Fragmentation in Azure SQL Server, or any SQL Server, refers to the condition where the data pages of a database or index are not physically stored in an efficient, contiguous manner. Fragmentation can occur over time as data is inserted, updated, and deleted from tables and indexes. It can negatively impact database performance and efficiency. There are two primary types of fragmentation in SQL Server:
Index Fragmentation:
- Internal Fragmentation (Page Fragmentation): This occurs when the data pages within an index are not stored efficiently. Internal fragmentation can lead to wasted space within the data file.
- External Fragmentation: This occurs when the data pages of an index are not stored in contiguous order on the disk. It can lead to increased disk I/O operations, slowing down query performance.
Data Fragmentation:
- Data fragmentation refers to fragmentation within the actual data pages of tables. This can occur when data is inserted or deleted, causing gaps in data page storage.
Fragmentation can have a significant impact on database performance because it can increase the number of physical reads and writes required for data retrieval and modification. This results in slower query response times and reduced overall system performance.
To address fragmentation in Azure SQL Server, you can perform index maintenance tasks, such as index rebuilding or reorganizing, which involve physically reordering the data pages within an index to reduce fragmentation. Additionally, you can monitor fragmentation levels and implement a regular maintenance plan to keep fragmentation in check.
Azure SQL Database offers some automation for index maintenance through features like Azure SQL Database Managed Maintenance, which handles certain maintenance tasks for you, reducing the need for manual intervention.
Efficiently managing fragmentation is a critical aspect of database administration to ensure optimal database performance, especially in cloud-based database services like Azure SQL Database.
Why the Index Fragmentation percentage varies?
Index fragmentation percentages can vary in a database due to a combination of factors related to data modification and storage management. Here are some of the reasons why index fragmentation percentages may fluctuate:
- Data Modification:
Inserts, updates, and deletes of rows in tables can lead to index fragmentation. When new data is added or existing data is modified or deleted, it may no longer fit efficiently in the existing data pages, causing fragmentation.
- Page Splits:
Page splits occur when a data page in an index is full, and a new row needs to be inserted. SQL Server will split the full page into two new pages, leading to physical fragmentation. Page splits are a common cause of fragmentation.
- Rebuilding and Reorganizing:
The process of index rebuilding or reorganizing can affect fragmentation levels. Rebuilding an index typically results in a defragmented index, while reorganizing can reduce fragmentation but may not eliminate it completely.
- Concurrency:
High levels of concurrent data modifications can lead to increased fragmentation. Multiple transactions attempting to modify the same index simultaneously can result in fragmentation.
- Data Distribution:
Uneven data distribution in the index key can contribute to fragmentation. If certain values are concentrated in a specific range, it may lead to page splits when new data is inserted.
- Maintenance and Scheduling:
The timing and scheduling of index maintenance tasks can impact fragmentation. Frequent maintenance can help keep fragmentation levels low, while irregular or infrequent maintenance can allow fragmentation to accumulate.
- Index Fill Factor:
The fill factor setting for an index can influence fragmentation. The fill factor determines the percentage of space that should be left empty on each data page.

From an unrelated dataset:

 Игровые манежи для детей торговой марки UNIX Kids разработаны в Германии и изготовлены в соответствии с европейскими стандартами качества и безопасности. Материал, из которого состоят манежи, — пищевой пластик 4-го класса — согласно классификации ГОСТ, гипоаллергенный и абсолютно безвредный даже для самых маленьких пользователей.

A lower fill factor leaves more space for future data modifications but can increase fragmentation.
- Storage System Performance:
The underlying storage system’s performance, including disk speed and I/O operations, can affect how efficiently SQL Server manages data pages and minimizes fragmentation.

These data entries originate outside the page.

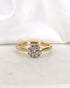 "Élaïa" est une sublime bague marguerite vintage, finement façonnée en or jaune 18 carats. Elle est sertie d'un diamant central de 0.15 carat, épaulé d'un lumineux halo de 8 diamants totalisant 0.28 carat. Elle attire tous les regards grâce à son éclat irrésistible et son style résolument élégant.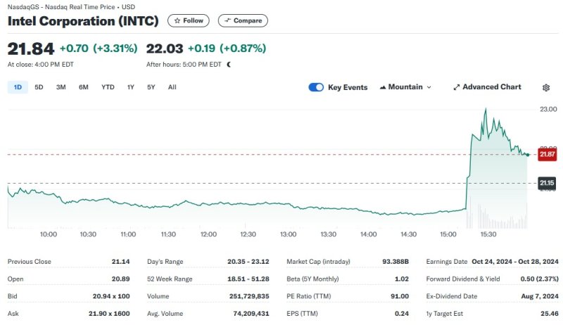 인텔 일일 주가추이 - 야후 파이낸스 갈무리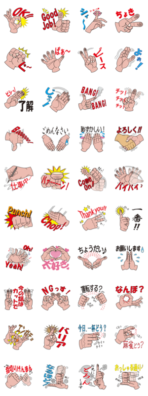 手のジェスチャーで言いたいことを伝える昭和のおじさん的なスタンプです。手だけでも言いたいことってある程度は伝わりますよね?
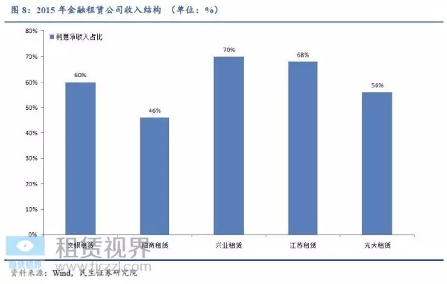 從收入結構上看,目前金融租賃公司的收入以利息收入為主,手續費和傭金收入為輔。近年來,隨著金融租賃行業的轉型升級,金融租賃公司的非利息收入逐步上升,目前非利息收入占比平均為40%,高于銀行業的非利息收入占比。

Problem Causes due to increase in fragmentation percentage
An increase in fragmentation percentage in a database can lead to several performance-related problems, affecting query performance and overall database efficiency. Here are the key problems that can occur as fragmentation increases:
- Slower Query Performance: Fragmentation can significantly slow down query execution because SQL Server must perform more I/O operations to retrieve data. As fragmentation increases, the database engine may need to read more data pages, resulting in longer query response times.
- Increased Disk I/O: Fragmentation can lead to a higher number of physical read and write operations on disk. This can strain the storage system, especially in environments with high data modification rates, leading to reduced disk performance and slower data retrieval.
- Reduced Buffer Pool Efficiency: Fragmented indexes and tables may consume more space in the buffer pool, which is a portion of memory used to cache frequently accessed data. As more pages are needed to store fragmented data, there is less room in the buffer pool for other data, potentially causing increased disk I/O.
- Increased Maintenance Overhead: Indexes with high fragmentation require more frequent index maintenance, such as rebuilding or reorganizing. This maintenance can consume additional system resources and increase database management overhead.
- Locking and Blocking Issues: As queries encounter fragmentation-related performance issues, there may be more locking and blocking incidents. Lock contention can result from longer query execution times, leading to concurrency problems and application delays.
- Reduced Backup and Restore Performance: Fragmented data can impact backup and restore operations. Backing up or restoring a fragmented database can take longer due to the increased I/O requirements.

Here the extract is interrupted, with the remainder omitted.